You’ve Got Me All Wrong

Dec 01, 2017

BY BROOKE NIEMIEC – CHIEF MARKETING OFFICER

Several weeks ago, my husband and I received matching direct mailers inviting us to join an exclusive membership program that celebrates people of a certain age. The fact that we both received an identical mailing would have sent many marketers into a swirling debate about the merits and drawbacks of householding to eliminate direct mail redundancies. The fact that our last names were spelled wrong (Niemieo, in case you’re wondering), was also pretty disappointing. However, the biggest, most glaring failure on the part of this organization (or their delegates) was the fact that neither of us was eligible to join this exclusive group of individuals—and we won’t be for more than a decade.

So what did we do? We sent in an application, of course! At this point, we filled in our correct birthdates, assuming we’d get a polite notification that we don’t meet their admission criteria. Instead, we received a lovely pair of fanny packs to tuck away until such a time as we don’t care anymore about what the cool kids will say about us.

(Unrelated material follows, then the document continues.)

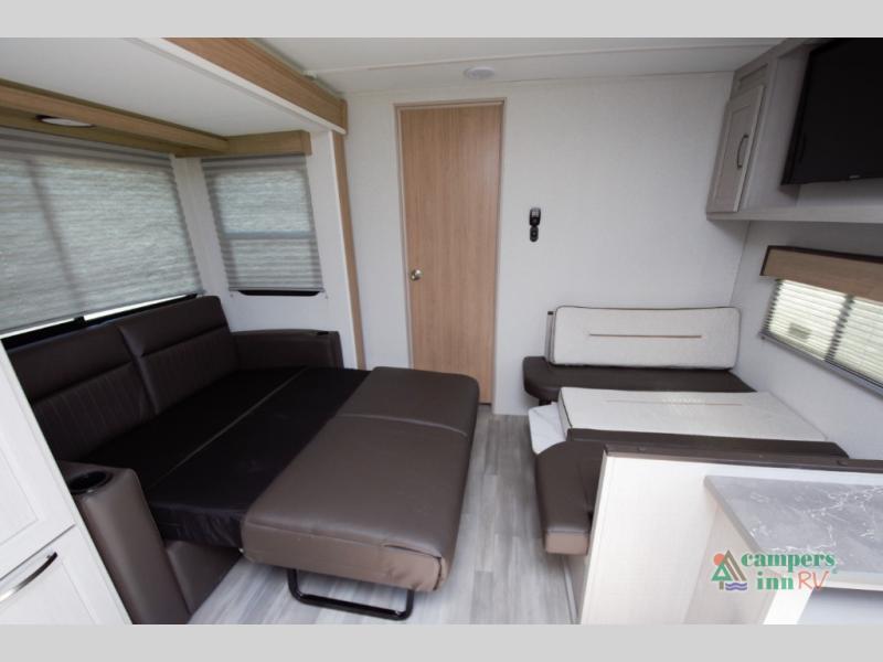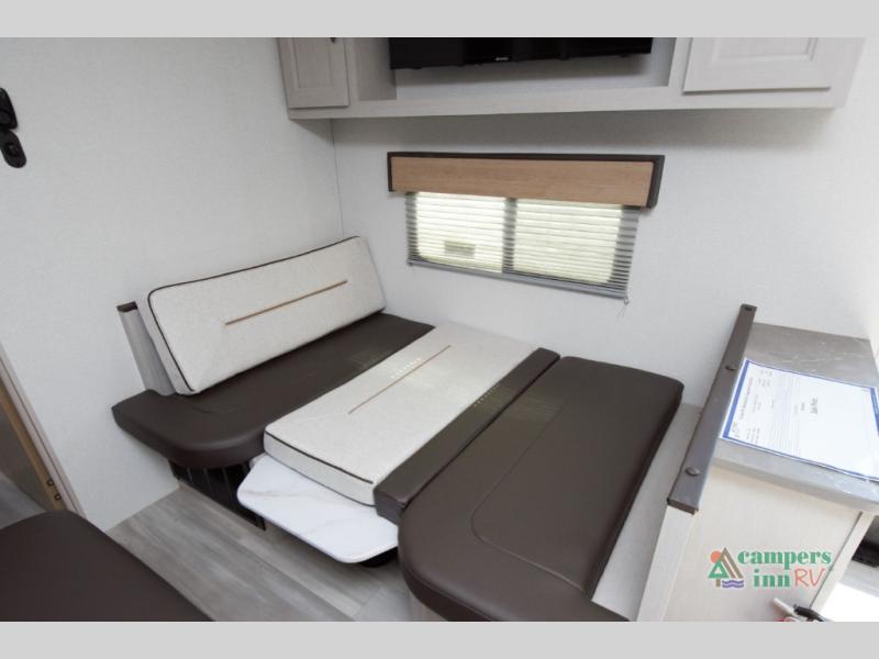 Booth Dinette and Tri-Fold Sofa for dining and sleeping flexibility

You might be tempted to toss this aside as a random accident—an edge case that slipped through the cracks. I was too, until later that month our Chief Operating Officer, Chuck, received a sample shaving kit with the phrase “Happy 18th Birthday, Charles!” on the box. Name wrong? Check. Birthday month wrong? Check. Age wrong? Big check.

How does this happen in the age of big data? Theoretically, machine learning and artificial intelligence are supposed to be smart enough to run a series of checks to validate the data that goes out. However, these types of mistakes can happen regardless when customer data gets too far away from the hands of the analysts, technologists, and strategists entrusted with its care.

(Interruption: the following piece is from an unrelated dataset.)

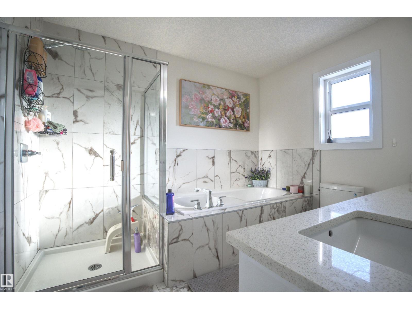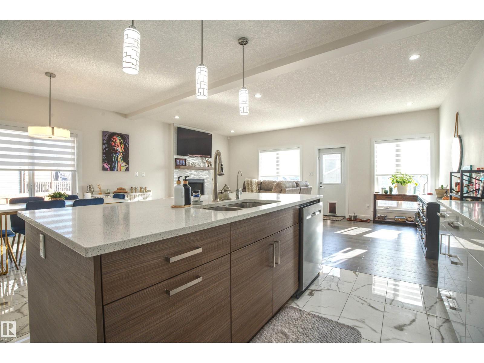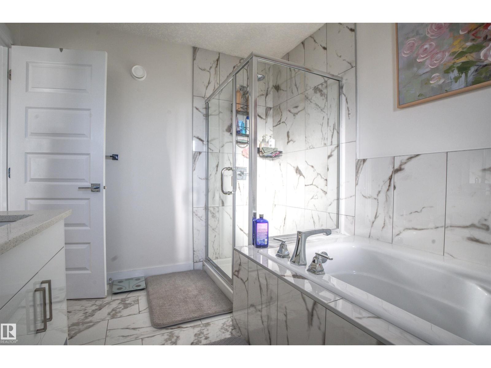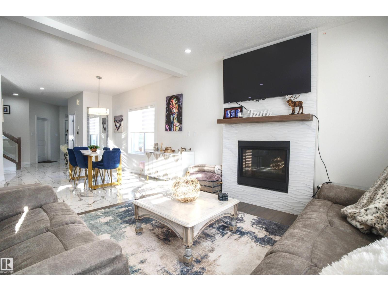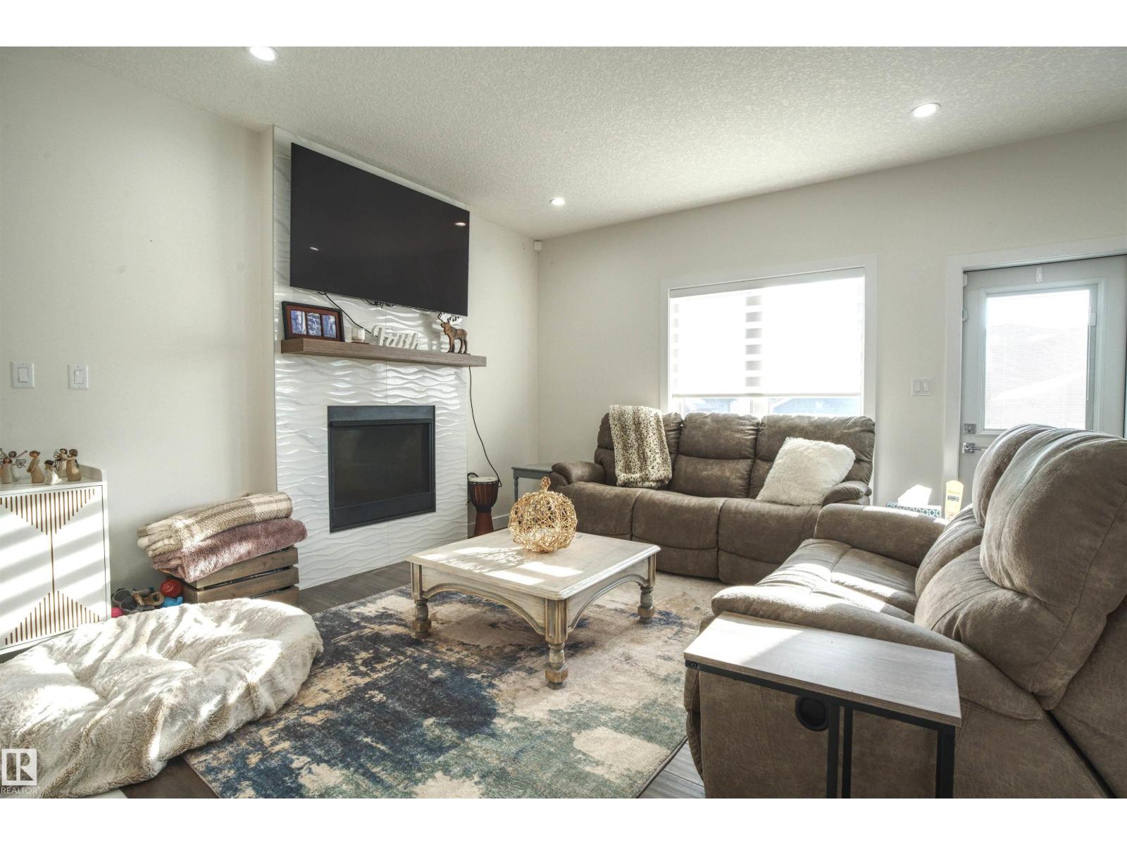 Beautiful & Spacious half-duplex with attached double garage with epoxy floor in Rosenthal. This 2000+ sq ft home features central air conditioning, water softener, vinyl plank flooring and 11’ ceilings. On the main: gas fireplace in the living room, bright dining area and gourmet kitchen with eat-up island, quartz countertops and corner pantry. The owner’s suite offers a 5-pce ensuite with soaker tub. Two additional bedrooms, 4-pce bathroom and huge bonus room complete the upstairs. Unfinished basement with separate entrance ready for a 2 bed suite or additional living space. Huge pie shaped backyard, fully fenced with deck (including gas line) and maintenance free front. Located near walking trails and ponds, 5 minutes to Costco, 10 to WEM, and with easy access to Whitemud Drive & Anthony Henday. A fantastic opportunity! (id:42720)

Let’s take our “senior citizens club” example. Perhaps we visited a conference and entered our names to win a new car. Then, a careless administrator mistyped our names into their database. Because of the fine print on the bottom of the awards entry form that we clearly did not read, that company was authorized to sell our contact information to a varied and diverse set of third parties for marketing purposes. That next company decided to append more data to our profiles, matching loosely on last name and first initial. They then passed along our information again to a direct mail marketing partner, and voila! We are now the youngest members of a senior citizens program.

Some level of error may be inevitable, but the regularity with which marketing gets it wrong is not. Companies need to keep their most valuable asset—customer data—close to them. They need to set data matching rules that are fairly concrete and have high standards associated with them. And they need to create some form of a feedback loop so that these types of mistakes make their way back to the source. Only then can companies act with the confidence that what they think they know about customers is actually true.